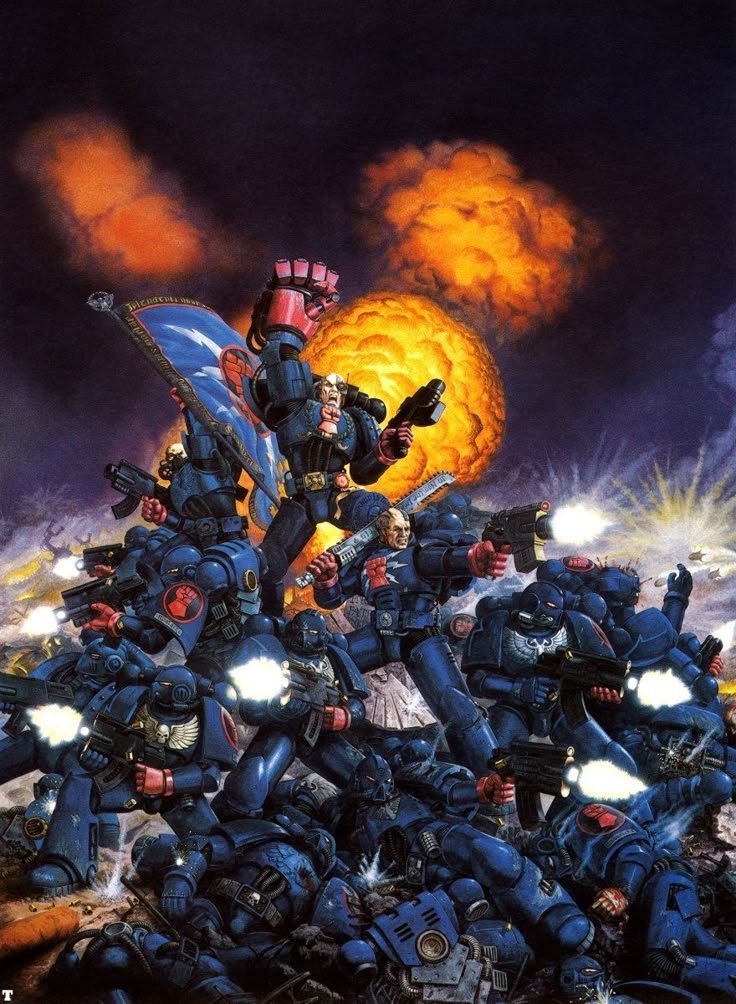 *. Выбор профессионала - маринчики по условно-нейтральной оптимизированной для покраса схеме. + Доступ к огромному разнообразию кодексов, детачментов и соответственно стилям игры. + Маринад играет всегда, кодексы обновляются в первых рядах - этих точно не занерфят в нулину. + Сложность покраса ниже среднего, рядового маринчика можно ебашить в три цвета с проливками на похуй, а если схема в целом темная то при этом и смотреться будет более-менее. + Разнообразие миниатюр. + количество миниатюр на армию ниже среднего. - Нет DOOOSHY, но можно отыгрываться на персонажах/чаптерюнитах. - Желателен аэр. - При покрасе нужна аккуратность
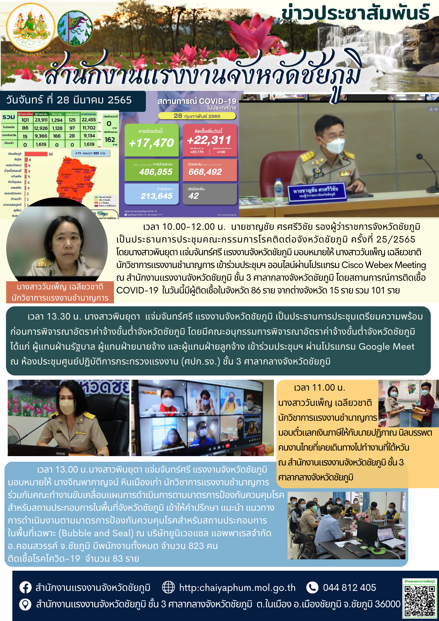 ข่าวประชาสัมพันธ์ สำนักงานแรงงานจังหวัดชัยภูมิ ประจำวันจันทร์ที่ 28 มีนาคม 2565
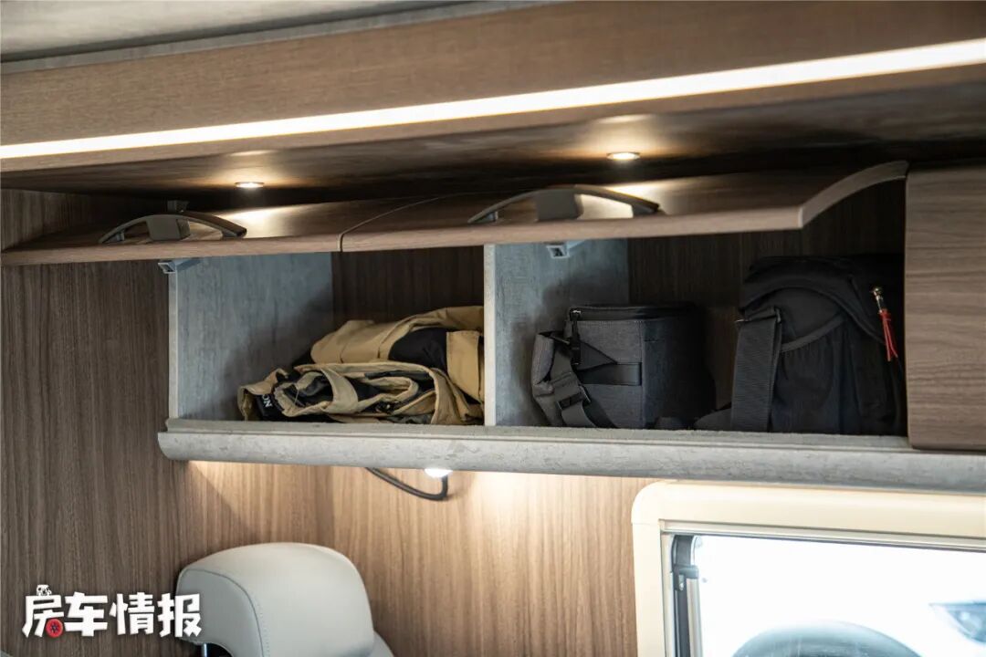 车厢尾部依然是一个空间超级大的贯通式储物箱,内部设计的十分规整,可以把旅行中的行李轻松放进去,完全不用担心无处安放,内侧还带有照明灯带,提升了夜间使用时的便利性。

- [Exercise prompt]: Omit the pictures and repeat the rest of the listing verbatim.

- [Worked solution]:
 *. Выбор профессионала - маринчики по условно-нейтральной оптимизированной для покраса схеме. + Доступ к огромному разнообразию кодексов, детачментов и соответственно стилям игры. + Маринад играет всегда, кодексы обновляются в первых рядах - этих точно не занерфят в нулину. + Сложность покраса ниже среднего, рядового маринчика можно ебашить в три цвета с проливками на похуй, а если схема в целом темная то при этом и смотреться будет более-менее. + Разнообразие миниатюр. + количество миниатюр на армию ниже среднего. - Нет DOOOSHY, но можно отыгрываться на персонажах/чаптерюнитах. - Желателен аэр. - При покрасе нужна аккуратность
 ข่าวประชาสัมพันธ์ สำนักงานแรงงานจังหวัดชัยภูมิ ประจำวันจันทร์ที่ 28 มีนาคม 2565
 车厢尾部依然是一个空间超级大的贯通式储物箱,内部设计的十分规整,可以把旅行中的行李轻松放进去,完全不用担心无处安放,内侧还带有照明灯带,提升了夜间使用时的便利性。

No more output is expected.